The Svedberg Laboratory (TSL) is a university facility, based in Uppsala, Sweden. It is under Decommission since 2016. The activities at TSL were based around the particle accelerator Gustaf Werner cyclotron.

The main activity was proton therapy for the treatment of cancer, based on an agreement between the Oncology clinic at Uppsala University Hospital and Uppsala University. Beamtime not used for proton therapy was devoted to commercial neutron and proton irradiation projects, mainly for Radiation testing. There was also some time for basic (academic) research and in this case the experiments should be associated to Uppsala University or to EC projects.
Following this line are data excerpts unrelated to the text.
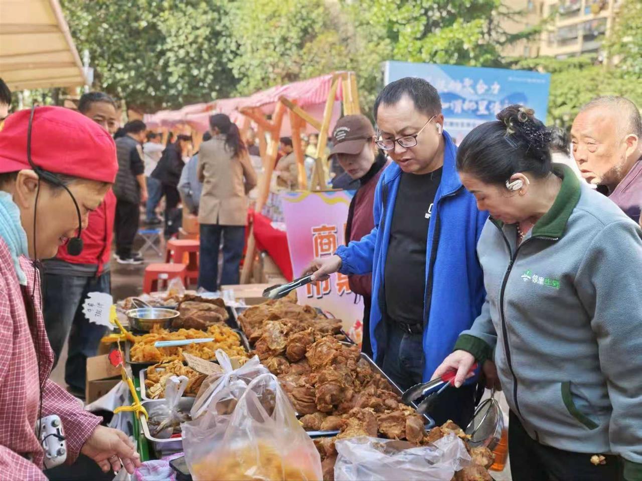 “有点过年赶集的味道了。”看到丰富的展销品,辖区居民感慨道。从本地老字号美食到特色农产品,从生活日用品到便民服务,商户们不仅展示优质商品,还提供免费试吃、手工艺教学等互动体验,让居民在轻松愉悦的氛围中增进对社区商业的认同。值得一提的是,众多爱心商户积极参与公益捐赠,通过“销售金额定向捐赠”方式将部分营业额捐入社区公益基金,用于困难群众帮扶、社区治理等公益项目,实现了“居民消费”与“社区公益”的良性循环。
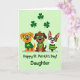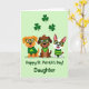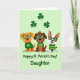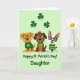 This design shows three cartoon dogs lined across the lower middle of a light green background, their bodies angled close as if they’re posing together for a friendly photo 💚. On the left, an amber pup wears a green sweater with a shamrock on it, leaning slightly toward the others with an eager grin. In the center, a dark brown dog sports a green bandana and looks side to side with bright eyes, like it’s sharing a private joke with its pals. On the right, a white-and-brown terrier in a striped green jumper stands snugly near the group, adding a cozy, companionable feel ☘️. All three wear matching green-rimmed glasses, and their wide smiles and open expressions make the trio feel close-knit and affectionate. Above them, dark shamrocks are scattered across the upper area, and the greeting “Happy St. Patrick’s Day!” appears in large green lettering with “Daughter,” placed nearby in a smaller matching green font. The scene stays simple and festive with layered greens, the dogs centered below, and the shamrocks floating overhead.
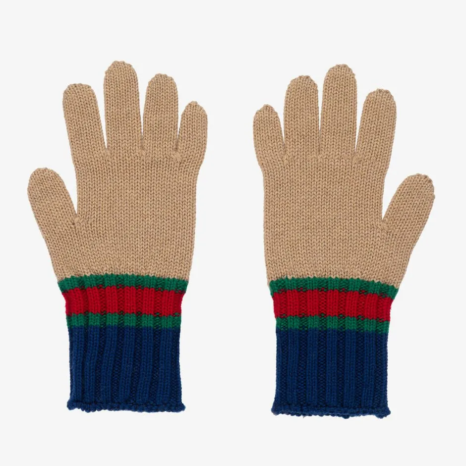 Beige and blue gloves for boys and girls by luxury Italian brand Gucci, made in soft, lightweight wool. Warm and cosy, they have the designer's signature green and red striped Web trim around the wrists.
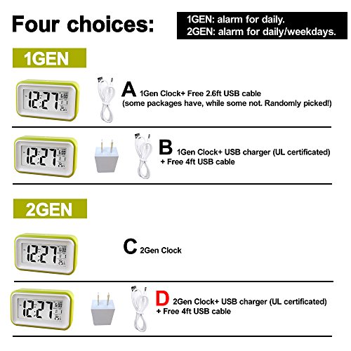 hito 2Gen touch clock: alarm for daily/weekdays. Perfect Nightstand, Bedside or Office Desk Alarm Clock!
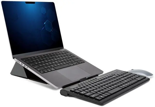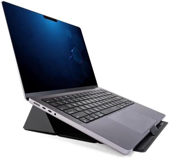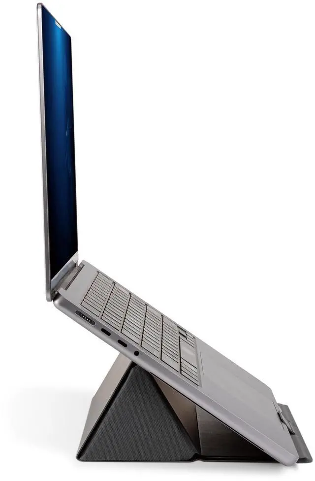 The Foldio Laptop and Tablet Stand offers dual-height ergonomic positioning in a travel-friendly size. Adjust your viewing angle and device height by simply folding the stand to the desired position. The stand features magnetic flaps for quick and easy setup and folds to a compact size for carrying in a bag or backpack.

TSL was supported by the European Community and belonged to the EC projects ERINDA, SkyFlash and CHANDA.

== History ==
Theodor Svedberg (1884–1971), professor in physical chemistry at Uppsala University from 1912 to 1949, was awarded the Nobel Prize in chemistry in 1926 for his research on dispersed systems (colloidal solutions). He invented the Ultracentrifuge, which was used in the discovery that proteins consist of macromolecules.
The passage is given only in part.